Question

I have the following code:

main.c

#include "checksum.h"

void main()
{
    char *Buf ="GPGGA204502.005106.9813N11402.2921W1090.91065.02M-16.27M";
    checksum(Buf);
}

checksum.c

#include <stdio.h>
#include <string.h>

checksum(char *Buff)
{
    int i;
    unsigned char XOR;
    unsigned long iLen = strlen(Buff);
    printf("Calculating checksum...\n");
    for (XOR = 0, i = 0; i < iLen; i++)
        XOR ^= (unsigned char)Buff[i];
    printf("%X \n",XOR);
}

checksum.h

#ifndef CHECKSUM_H_INCLUDED
#define CHECKSUM_H_INCLUDED

void checksum(char *Buff);

#endif

When compiling I get the following error:

/tmp/ccFQS7Ih.o: In function `main':
main.c:(.text+0x18): undefined reference to `checksum'
collect2: ld returned 1 exit status

I can't figure out what the problem is?

Was it helpful?

Solution

You are compiling only one file not both. More precisely, you are not linking the files together.

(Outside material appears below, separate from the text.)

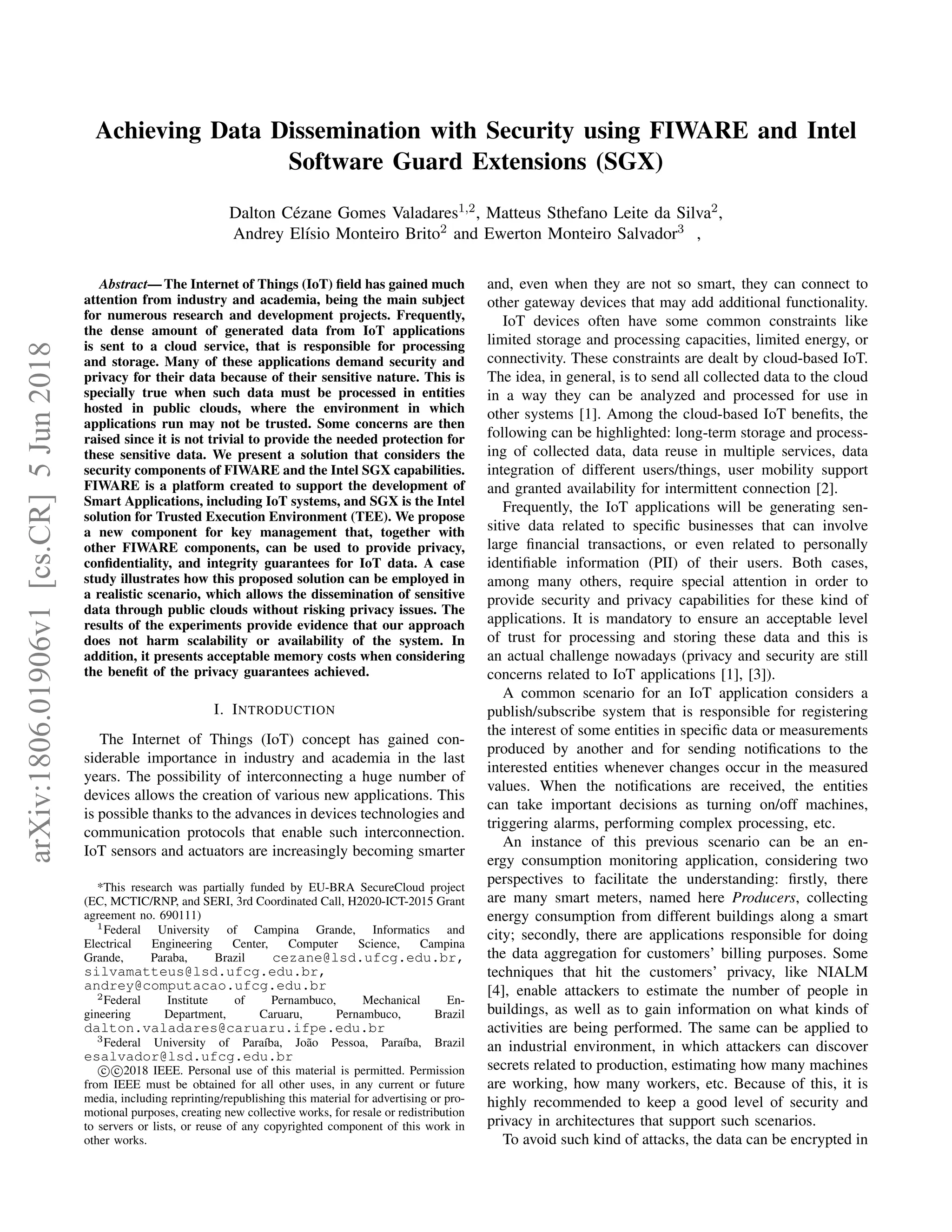 This document proposes and evaluates a solution to securely disseminate sensitive IoT data using FIWARE and Intel SGX. The solution uses FIWARE components for authentication and authorization, and introduces a new Key Vault component that uses Intel SGX to securely store and manage encryption keys. Sensitive IoT data from smart meters is encrypted before being sent to the FIWARE Orion Context Broker for processing. Consumers that are SGX applications can decrypt and process the data securely within the SGX enclave. The evaluation shows the solution provides privacy and security guarantees without harming scalability or availability.

I don't know your compiler, but with gcc, it would be something like this:

gcc -c main.c          <-- compile only
gcc -c checksum.c      <-- compile only
gcc main.o checksum.o  <-- link the two

Edit: To automate this process, take a look at the make program which reads Makefiles.

OTHER TIPS

You could also try gcc -o program.out main.c checksum.c which will compile and link both files together

I think: in checksum.c, you should include checksum.h.